## [RAW DATA]
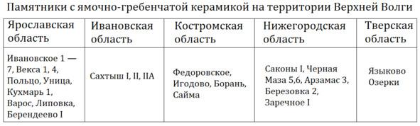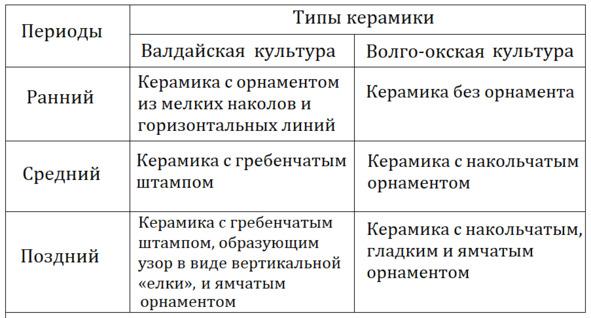 В Верхнем Поволжье учёными выделено три археологические культуры: верхневолжская (ВВК), валдайская (ВК) и волго-окская (ВОК). Археолог Крайнов Д. А., открывший верхневолжскую культуру, как и многие его последователи, считают памятники валдайской и волго-окской культур локальными вариантами первой.
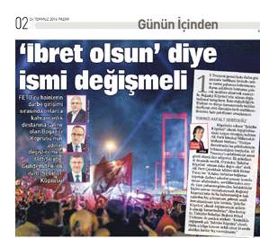 Boğaziçi Köprüsü'nün isminin değiştirilmesi önerisini SABAH gazetesi "İbret olsun diye ismi değişmeli" başlığı ile sayfalarına taşımıştı. Başbakan Binali Yıldırım, önceki gün köprünün adının "15 Temmuz Şehitler Köprüsü" olarak değiştirilmesine karar verildiğini açıklamıştı.
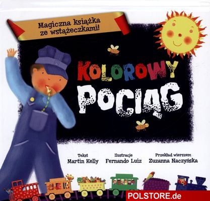 Patent na książkę banalny, ale jednocześnie w swej prostocie fantastyczny! Sukces tej pozycji tkwi we wstążeczkach, które jedna po drugiej pojawiają się wraz z każdą przewróconą stroną. Na aksamitce namalowano wagonik, kolejne strony i zwrotki wierszyka wyjaśniają, jakiego koloru jest wagonik i co przewozi. Dodatkowo przewlekające się przez karton wstążki sympatycznie szeleszczą, jakby z tunelu wyłaniał się pociąg. Ostatnie, już bezwstążeczkowe strony, pozwalają na utrwalenie poznanych kolorów i prezentują pociąg w całości (z dodatkowymi atrakcjami!).
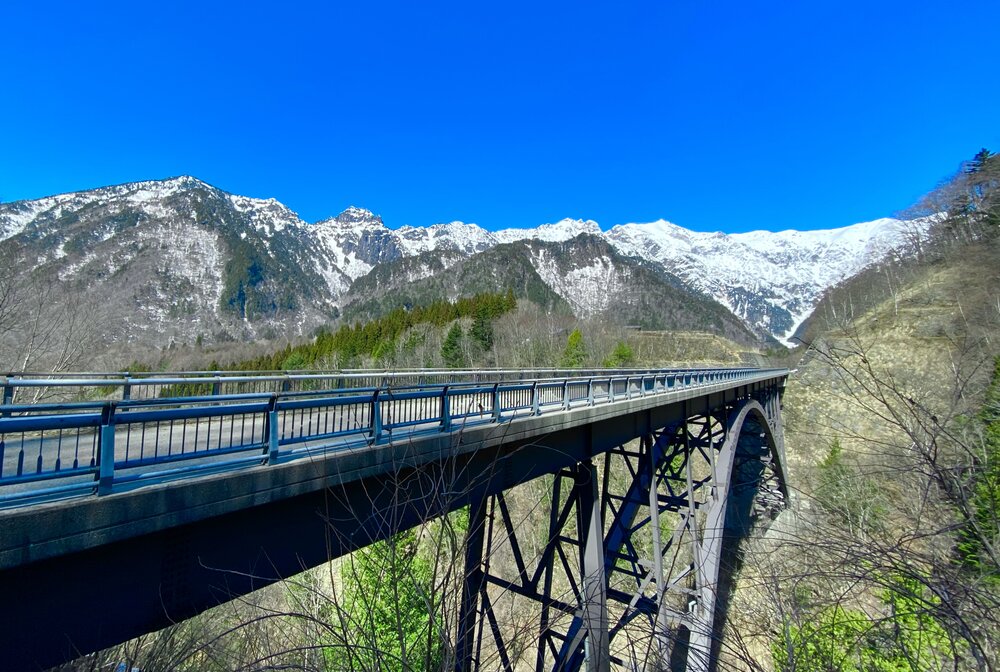 全長150m、高さ70mの北アルプス大橋は、新穂高温泉中尾高原と鍋平園地を結ぶ絶景スポット。 北アルプスの錫杖岳、笠ヶ岳、抜戸岳などの雄大な景色に吸い込まれそうになります。 錫杖岳や笠ヶ岳などの北アルプスの雄大な風景は迫力満点です。 ドライブルートとしても人気で、車で走り抜ける爽快感は最高です!! 鍋平園地には木道で整備された遊歩道があり、白樺やミズナラの林に囲まれた自然豊かな散策コースも人気のスポットです。 5月下旬頃には新緑、10月中旬頃には紅葉が楽しめます。
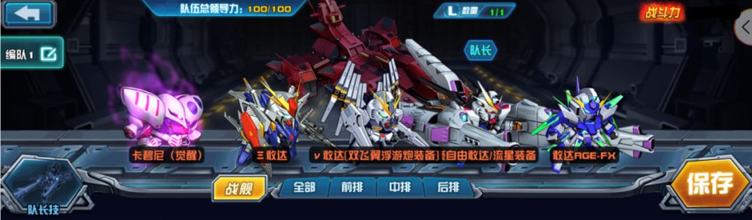 推荐理由:一般情况下,浮游炮系列队伍是由作为队长的统御式来担当前排,但一个队伍只能有一台大型机,将强自流星加入浮游队后,自然就没法再上统御式了。所以,退而求其次将拥有不俗回复能力的AGE FX放置其中,来作为第一线承担绝大部分火力。
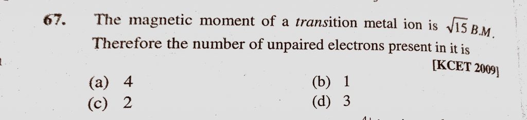The magnetic moment of a transition metal ion is root 15 B.M. Therefore the number of unpaired electrons present in it is (a) 4 (b) 1 (c) 2 (d) 3 The magnetic moment of a transition metal ion is root 15 B.M. Therefore the number of unpaired electrons present in it is (a) 4 (b) 1 (c) 2 (d) 3 December 4, 2020 Category: Uncategorised (JEE Advanced Physics by BM Sharma + GMP Solutions) , Facebook Messenger WhatsApp Share this:TwitterFacebook Related
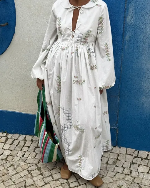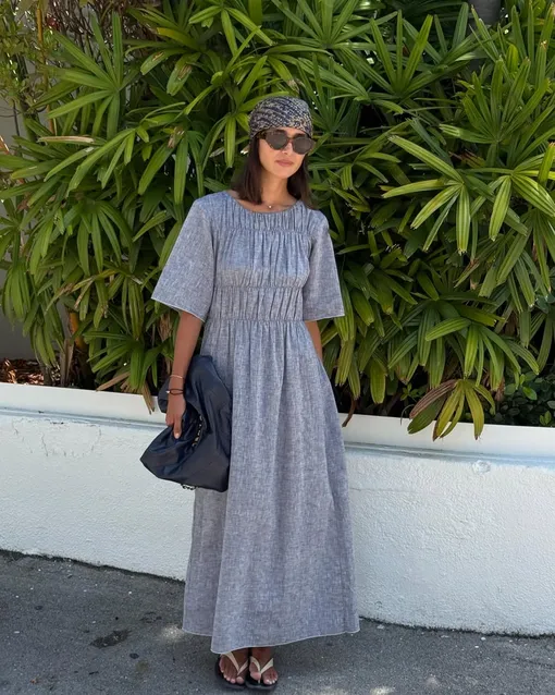 Если говорить о материалах, то избегайте плотных тканей. Лен и хлопок — ваши главные союзники. Цветовая палитра — белый, молочный, все вариации пастельной гаммы (небесно-голубой, мятный, пудрово-розовый или оттенок сливочного масла). Что касается принтов, то присмотритесь к тонкой полоске или цветочным мотивам. Как их стилизовать? Тут все просто: выберите удобную обувь на плоском ходу (сабо, мюли, вьетнамки или сандалии), добавьте сумку из рафии и украшения в морской тематике. Но помните: в этом случае меньше значит больше. Все внимание — к фасону и вашему внутреннему ощущению комфорта. Ну а определиться с выбором вам поможет наша подборка ниже. В ней вас ждут стильные платья с длинными рукавами 2025, которые можно купить прямо сейчас.
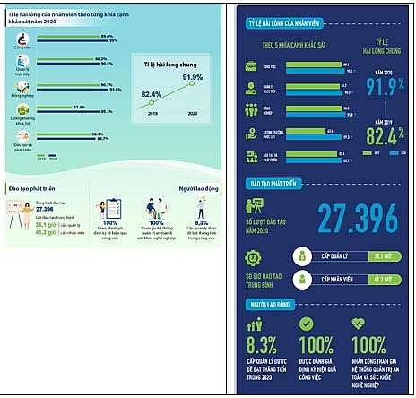 Không chỉ là thương hiệu được người lao động mong muốn “đầu quân”, Vinamilk cũng đã nhận được sự đánh giá rất tích cực ngay chính từ đội ngũ nhân viên của công ty. Theo kết quả khảo sát nội bộ năm 2020 trên 5 khía cạnh trọng yếu là công việc, quản lý trực tiếp, đồng nghiệp, lương thưởng – phúc lợi, đào tạo và phát triển, chỉ số hài lòng của người lao động tại Vinamilk đạt 91,9%. Đây là mức tăng cao nhất trong những năm công ty tiến hành khảo sát này.
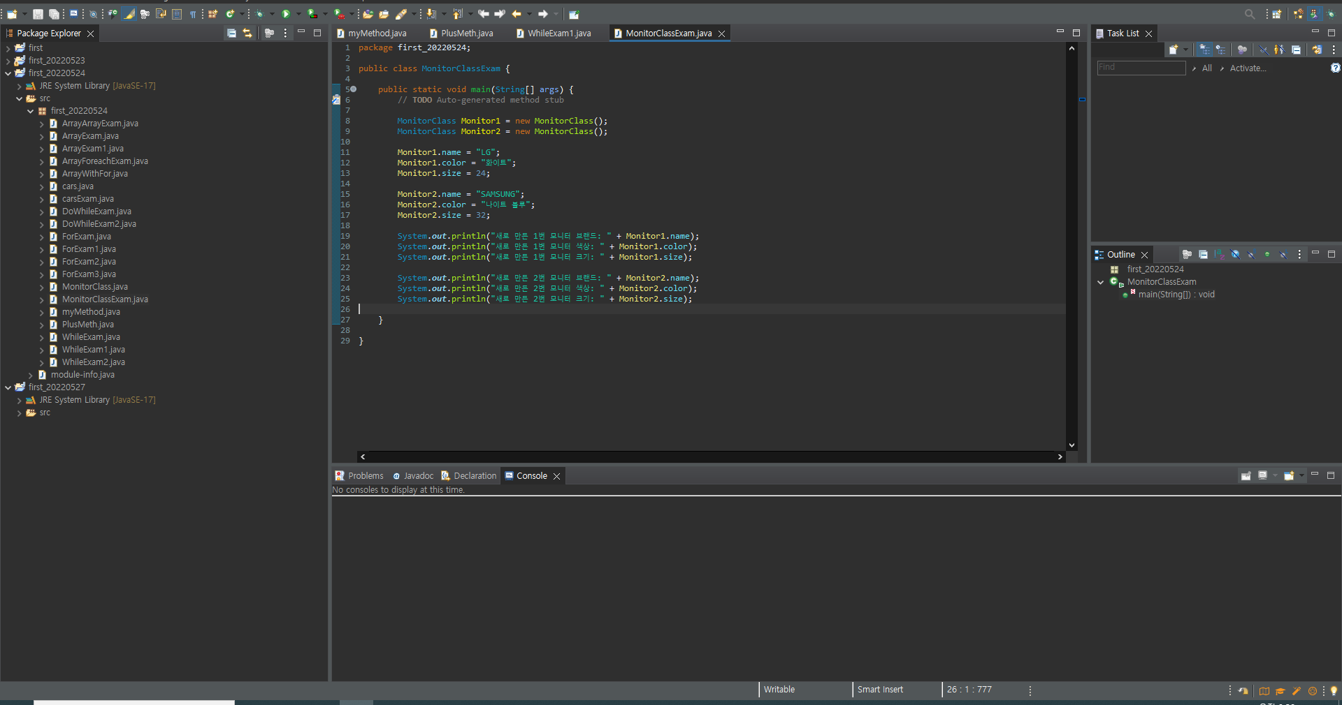 | 10일차 학습내용 JAVA_기본형 형변환 및 연산자 if switch (0) | 2024.05.23 |
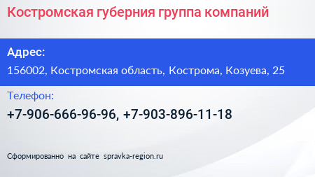 Костромская губерния, группа компаний по адресу 156002, Костромская область, Кострома, Козуева, 25 в дальнейшем Организация, размещена в следующих категориях:
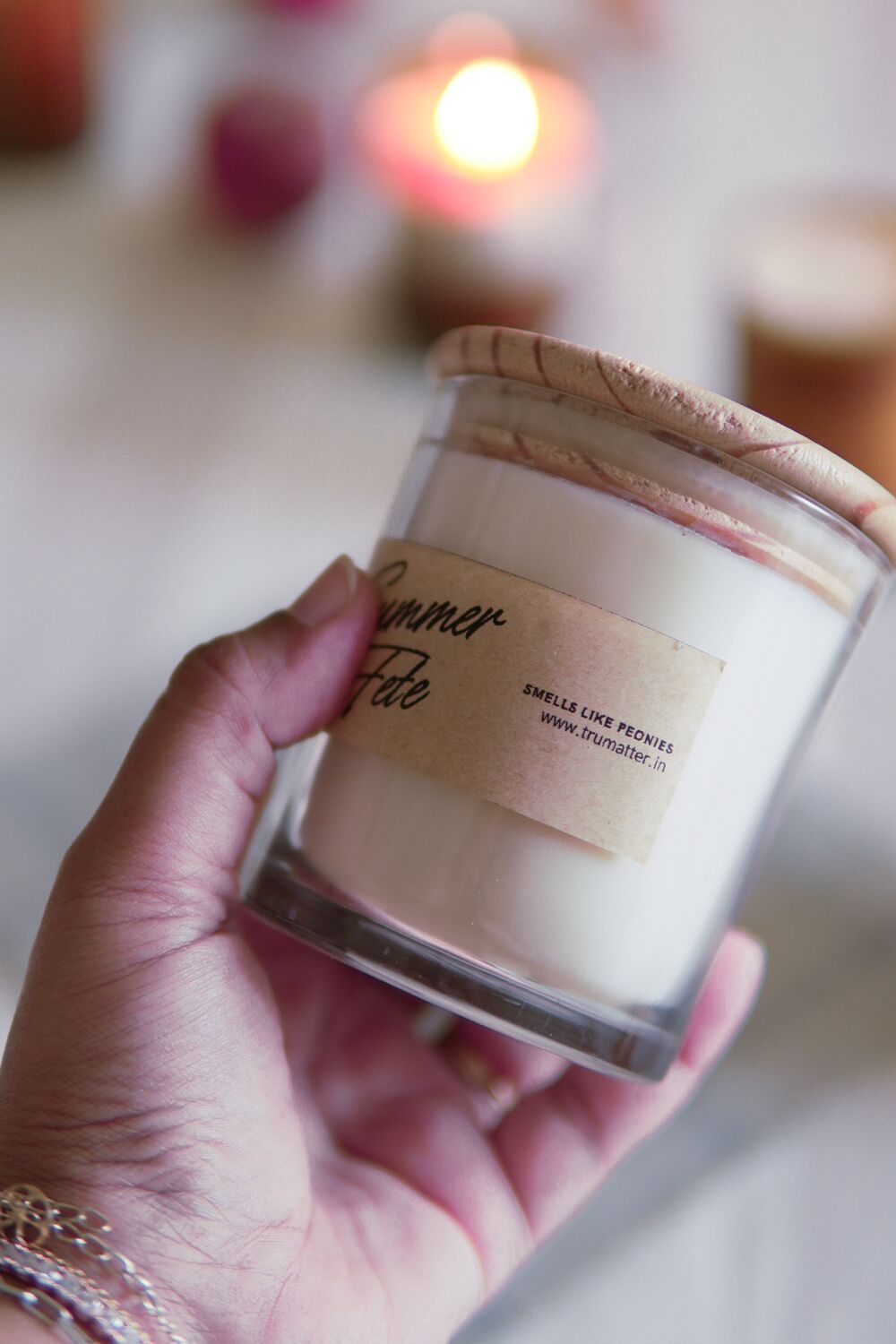 Celebrate the joyful spirit of summer (or counter the gloominess of the monsoon) with our Summer Fete Scented Soy Wax Candle. This vibrant and effervescent fragrance blends the crisp elegance of champagne, the lush sweetness of peony, and the comforting richness of almond crème.

## [WORK TASK]
Retype exactly, please, the span from the line holding "(0) | 2024.05.23 |" through the closing line of the data, both ends included, without the pictures.

## [REPLY]
 | 10일차 학습내용 JAVA_기본형 형변환 및 연산자 if switch (0) | 2024.05.23 |
 Костромская губерния, группа компаний по адресу 156002, Костромская область, Кострома, Козуева, 25 в дальнейшем Организация, размещена в следующих категориях:
 Celebrate the joyful spirit of summer (or counter the gloominess of the monsoon) with our Summer Fete Scented Soy Wax Candle. This vibrant and effervescent fragrance blends the crisp elegance of champagne, the lush sweetness of peony, and the comforting richness of almond crème.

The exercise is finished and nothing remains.